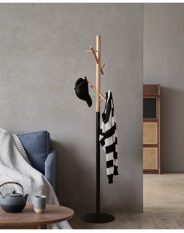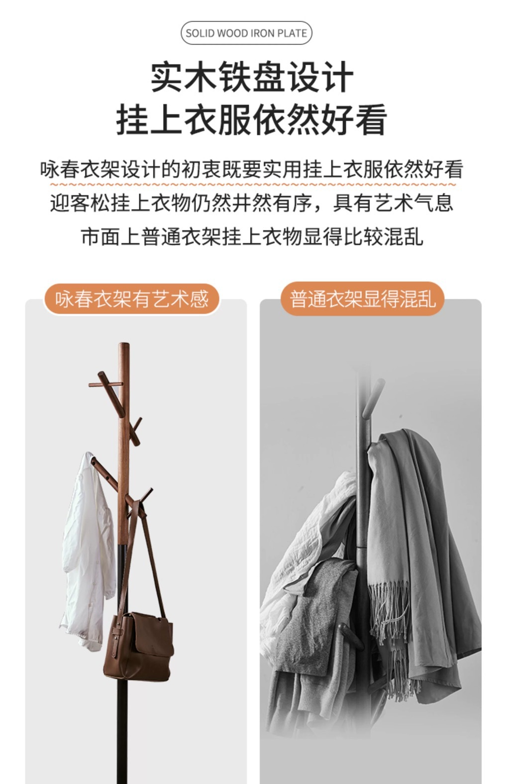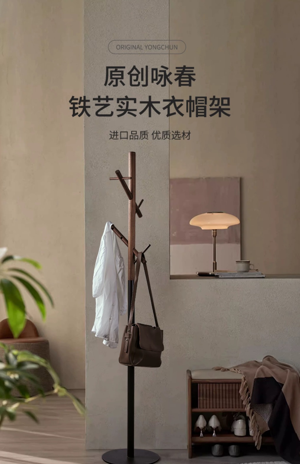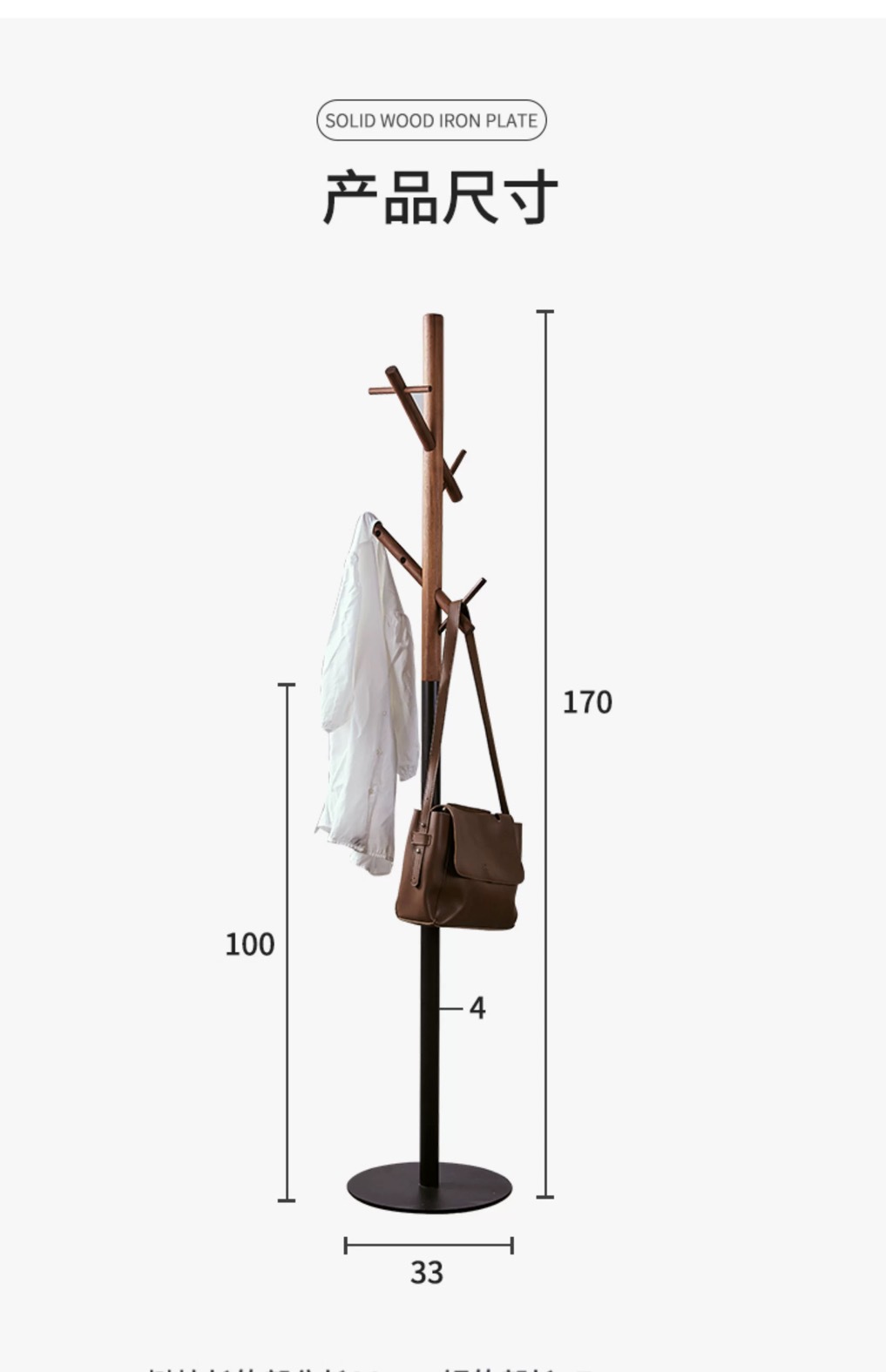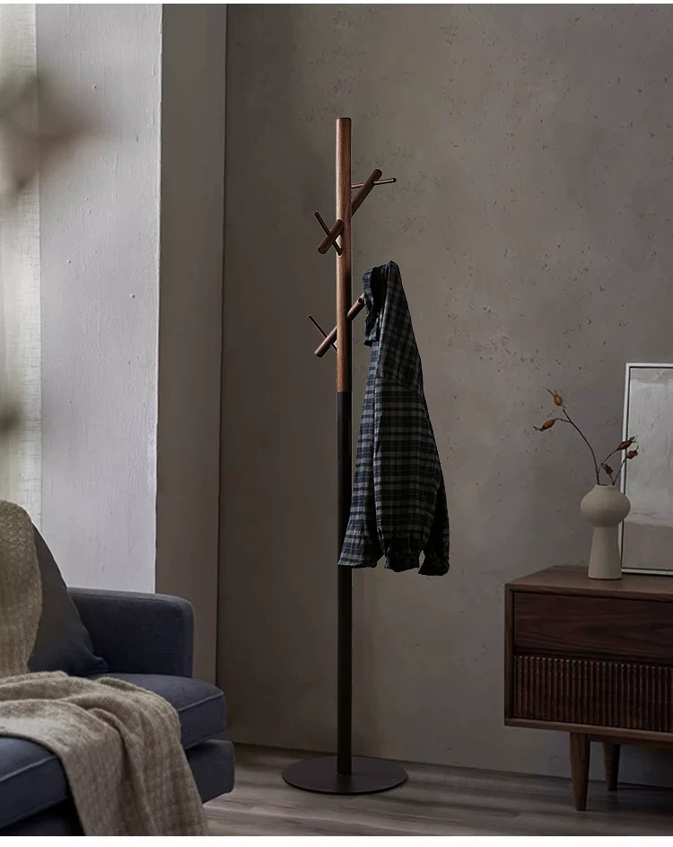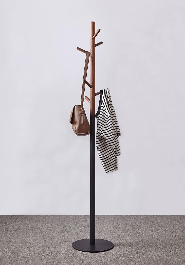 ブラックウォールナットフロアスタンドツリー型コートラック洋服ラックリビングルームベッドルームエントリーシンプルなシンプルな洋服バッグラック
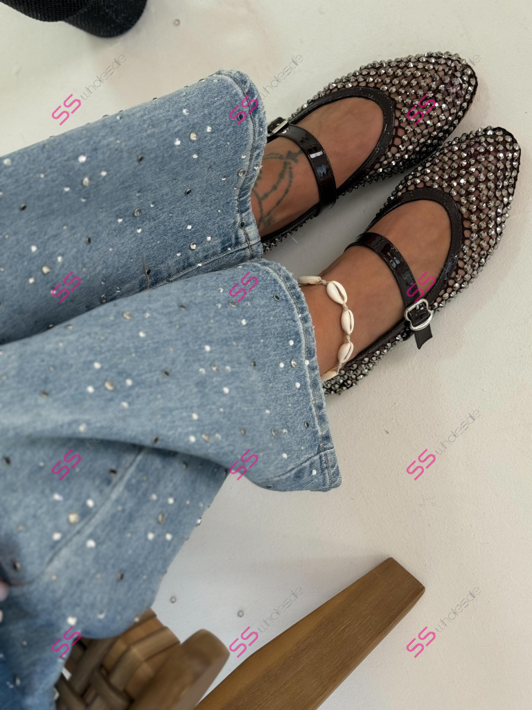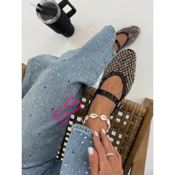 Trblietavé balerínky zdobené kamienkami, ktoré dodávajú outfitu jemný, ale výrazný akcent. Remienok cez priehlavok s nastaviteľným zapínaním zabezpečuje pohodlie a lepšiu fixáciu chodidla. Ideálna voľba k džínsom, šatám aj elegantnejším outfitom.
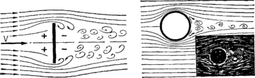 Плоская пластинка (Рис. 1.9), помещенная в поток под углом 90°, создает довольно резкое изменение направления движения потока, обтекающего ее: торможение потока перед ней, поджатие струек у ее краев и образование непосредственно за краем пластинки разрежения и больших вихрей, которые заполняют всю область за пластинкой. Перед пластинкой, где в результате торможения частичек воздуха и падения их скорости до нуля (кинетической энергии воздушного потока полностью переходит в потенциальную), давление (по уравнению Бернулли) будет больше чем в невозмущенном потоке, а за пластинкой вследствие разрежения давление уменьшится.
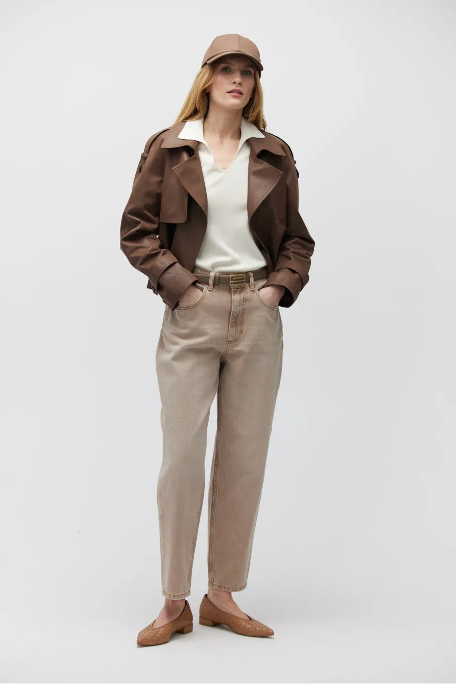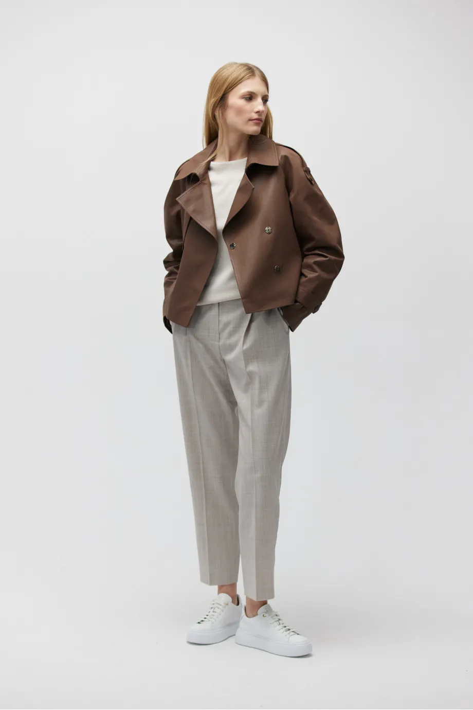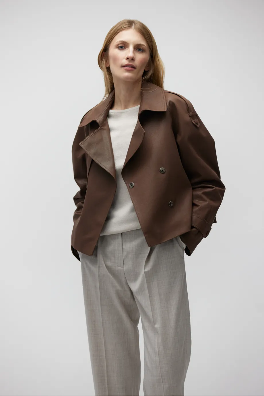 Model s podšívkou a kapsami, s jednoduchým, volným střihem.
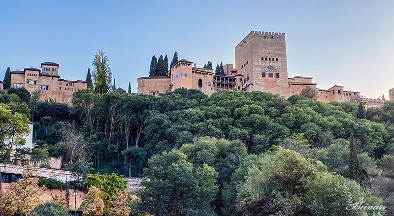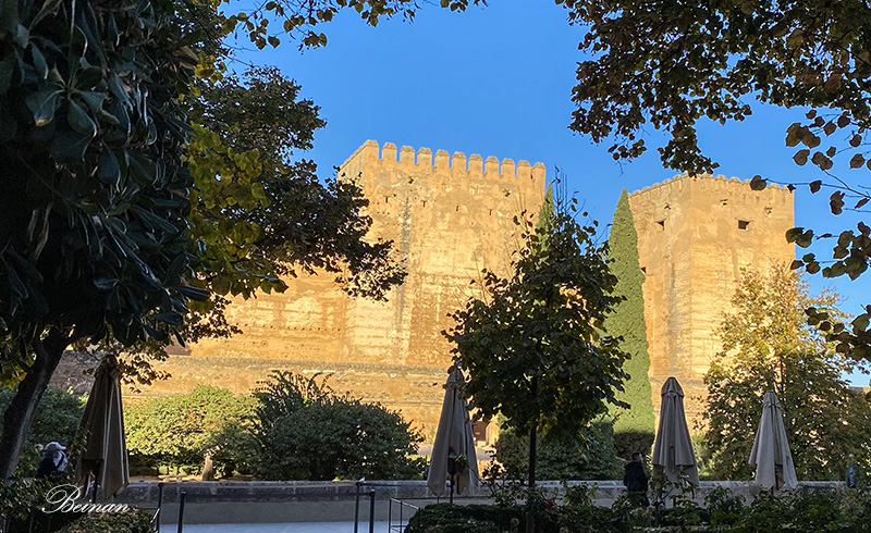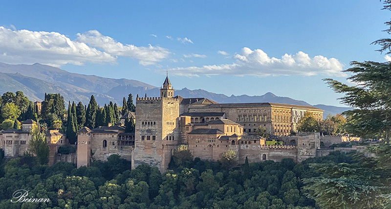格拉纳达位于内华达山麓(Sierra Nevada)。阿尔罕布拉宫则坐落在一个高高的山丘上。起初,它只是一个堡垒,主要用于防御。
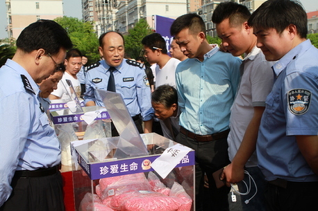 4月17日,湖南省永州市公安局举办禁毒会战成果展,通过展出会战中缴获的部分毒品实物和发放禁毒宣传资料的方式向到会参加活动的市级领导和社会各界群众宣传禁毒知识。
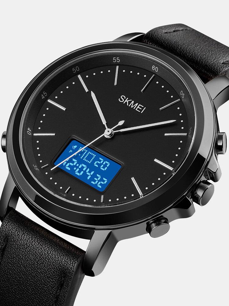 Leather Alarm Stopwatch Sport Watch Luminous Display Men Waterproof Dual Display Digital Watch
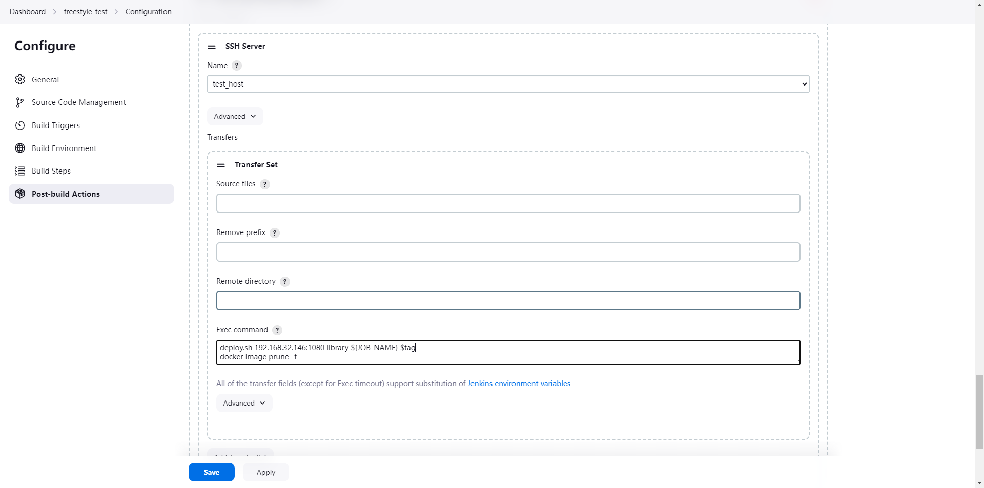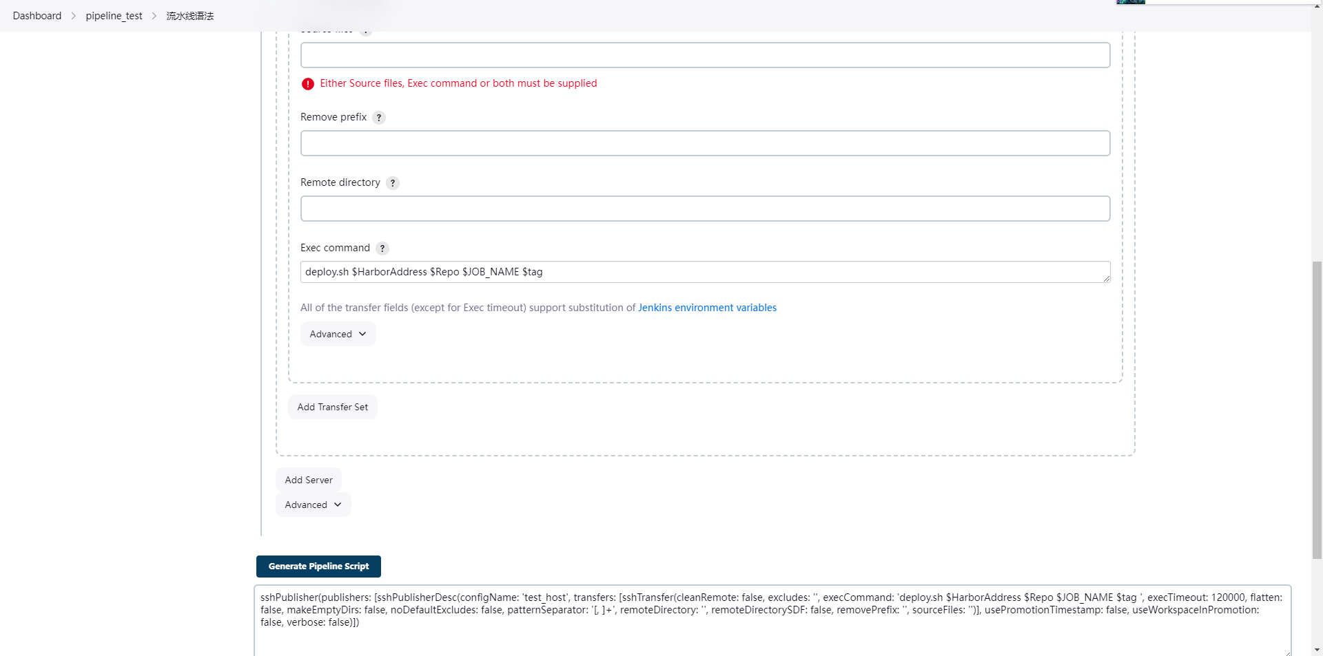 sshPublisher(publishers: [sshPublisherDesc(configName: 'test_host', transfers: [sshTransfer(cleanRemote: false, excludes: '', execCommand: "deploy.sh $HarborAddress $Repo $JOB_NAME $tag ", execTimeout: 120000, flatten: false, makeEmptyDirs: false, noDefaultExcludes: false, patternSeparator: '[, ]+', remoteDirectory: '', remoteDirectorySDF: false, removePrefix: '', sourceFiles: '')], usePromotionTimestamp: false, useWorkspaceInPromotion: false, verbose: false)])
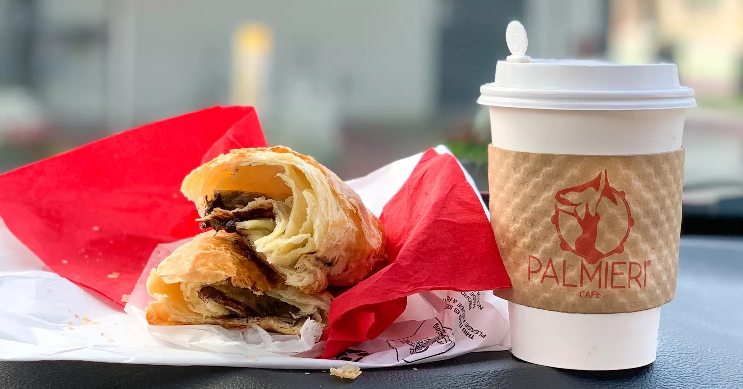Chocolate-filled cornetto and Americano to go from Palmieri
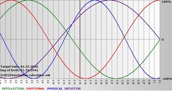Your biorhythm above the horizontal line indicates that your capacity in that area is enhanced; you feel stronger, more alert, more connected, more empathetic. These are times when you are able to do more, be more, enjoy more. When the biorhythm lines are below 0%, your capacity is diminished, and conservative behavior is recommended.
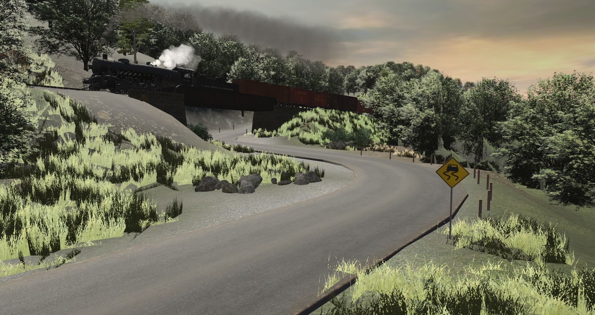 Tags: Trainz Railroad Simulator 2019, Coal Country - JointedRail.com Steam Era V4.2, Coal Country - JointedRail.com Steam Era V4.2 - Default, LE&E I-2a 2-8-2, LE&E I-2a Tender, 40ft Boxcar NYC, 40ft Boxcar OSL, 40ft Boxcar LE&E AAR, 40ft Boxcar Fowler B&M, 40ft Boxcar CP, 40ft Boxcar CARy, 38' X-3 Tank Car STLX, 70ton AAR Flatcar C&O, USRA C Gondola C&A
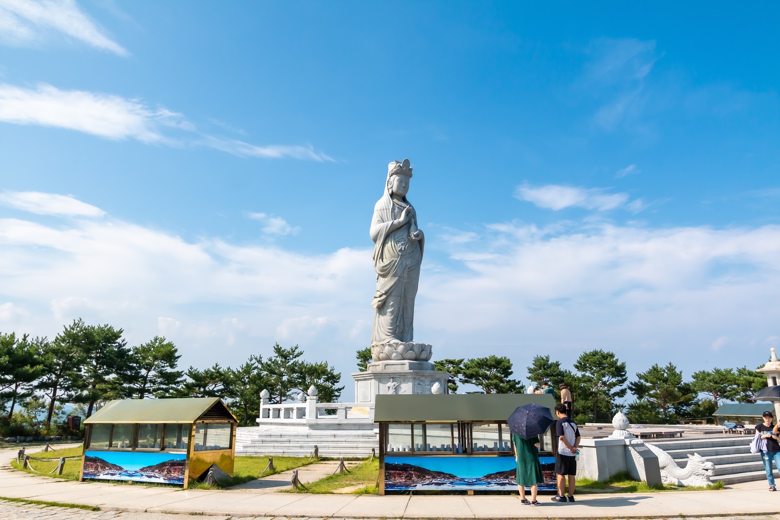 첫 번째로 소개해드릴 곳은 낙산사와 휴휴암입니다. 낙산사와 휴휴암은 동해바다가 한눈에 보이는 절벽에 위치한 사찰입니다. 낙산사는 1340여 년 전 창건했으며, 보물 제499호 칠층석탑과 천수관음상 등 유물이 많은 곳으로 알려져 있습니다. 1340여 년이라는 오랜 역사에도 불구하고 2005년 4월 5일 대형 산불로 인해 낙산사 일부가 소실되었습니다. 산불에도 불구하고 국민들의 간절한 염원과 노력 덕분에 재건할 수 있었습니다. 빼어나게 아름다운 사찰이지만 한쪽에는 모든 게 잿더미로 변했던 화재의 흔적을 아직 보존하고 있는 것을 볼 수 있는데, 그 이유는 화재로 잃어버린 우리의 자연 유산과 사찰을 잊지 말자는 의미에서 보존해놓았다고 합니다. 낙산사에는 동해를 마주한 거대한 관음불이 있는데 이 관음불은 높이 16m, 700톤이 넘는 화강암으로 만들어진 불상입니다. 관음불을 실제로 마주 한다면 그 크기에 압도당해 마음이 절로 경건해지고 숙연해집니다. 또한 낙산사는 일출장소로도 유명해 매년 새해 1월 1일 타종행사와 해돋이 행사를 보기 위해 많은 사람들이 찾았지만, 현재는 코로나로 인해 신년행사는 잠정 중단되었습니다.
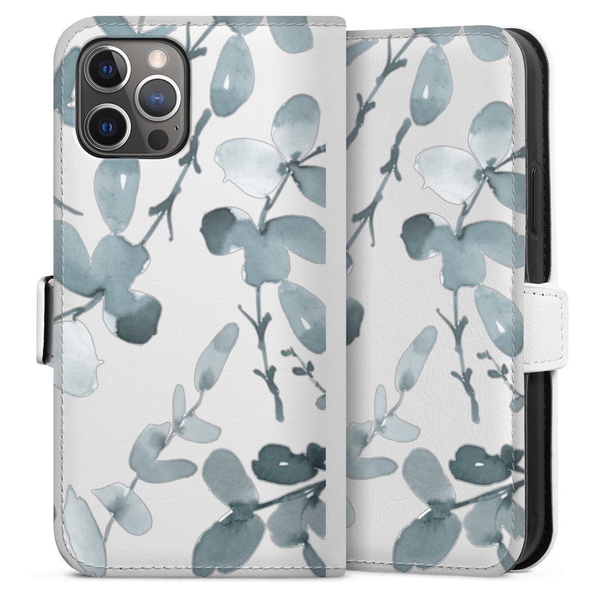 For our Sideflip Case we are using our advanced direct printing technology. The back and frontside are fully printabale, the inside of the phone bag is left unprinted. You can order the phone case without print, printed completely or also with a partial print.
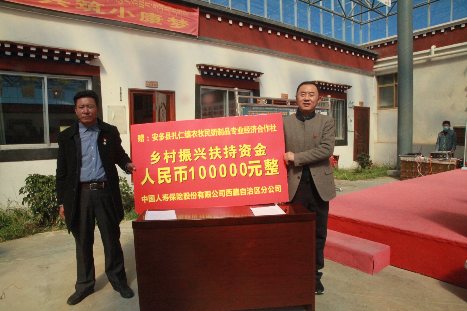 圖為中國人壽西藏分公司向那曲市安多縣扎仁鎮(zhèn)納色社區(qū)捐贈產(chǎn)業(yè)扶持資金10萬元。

> **What is needed**: Nothing but the lines above, starting at the line that contains "Плоская пластинка (Рис." and ending at the line that contains "Tags: Trainz Railroad", should be given again, exactly and without the pictures.

> **Solution to this problem**:
 Плоская пластинка (Рис. 1.9), помещенная в поток под углом 90°, создает довольно резкое изменение направления движения потока, обтекающего ее: торможение потока перед ней, поджатие струек у ее краев и образование непосредственно за краем пластинки разрежения и больших вихрей, которые заполняют всю область за пластинкой. Перед пластинкой, где в результате торможения частичек воздуха и падения их скорости до нуля (кинетической энергии воздушного потока полностью переходит в потенциальную), давление (по уравнению Бернулли) будет больше чем в невозмущенном потоке, а за пластинкой вследствие разрежения давление уменьшится.
 Model s podšívkou a kapsami, s jednoduchým, volným střihem.
格拉纳达位于内华达山麓(Sierra Nevada)。阿尔罕布拉宫则坐落在一个高高的山丘上。起初,它只是一个堡垒,主要用于防御。
 4月17日,湖南省永州市公安局举办禁毒会战成果展,通过展出会战中缴获的部分毒品实物和发放禁毒宣传资料的方式向到会参加活动的市级领导和社会各界群众宣传禁毒知识。
 Leather Alarm Stopwatch Sport Watch Luminous Display Men Waterproof Dual Display Digital Watch
 sshPublisher(publishers: [sshPublisherDesc(configName: 'test_host', transfers: [sshTransfer(cleanRemote: false, excludes: '', execCommand: "deploy.sh $HarborAddress $Repo $JOB_NAME $tag ", execTimeout: 120000, flatten: false, makeEmptyDirs: false, noDefaultExcludes: false, patternSeparator: '[, ]+', remoteDirectory: '', remoteDirectorySDF: false, removePrefix: '', sourceFiles: '')], usePromotionTimestamp: false, useWorkspaceInPromotion: false, verbose: false)])
Chocolate-filled cornetto and Americano to go from Palmieri
Your biorhythm above the horizontal line indicates that your capacity in that area is enhanced; you feel stronger, more alert, more connected, more empathetic. These are times when you are able to do more, be more, enjoy more. When the biorhythm lines are below 0%, your capacity is diminished, and conservative behavior is recommended.
 Tags: Trainz Railroad Simulator 2019, Coal Country - JointedRail.com Steam Era V4.2, Coal Country - JointedRail.com Steam Era V4.2 - Default, LE&E I-2a 2-8-2, LE&E I-2a Tender, 40ft Boxcar NYC, 40ft Boxcar OSL, 40ft Boxcar LE&E AAR, 40ft Boxcar Fowler B&M, 40ft Boxcar CP, 40ft Boxcar CARy, 38' X-3 Tank Car STLX, 70ton AAR Flatcar C&O, USRA C Gondola C&A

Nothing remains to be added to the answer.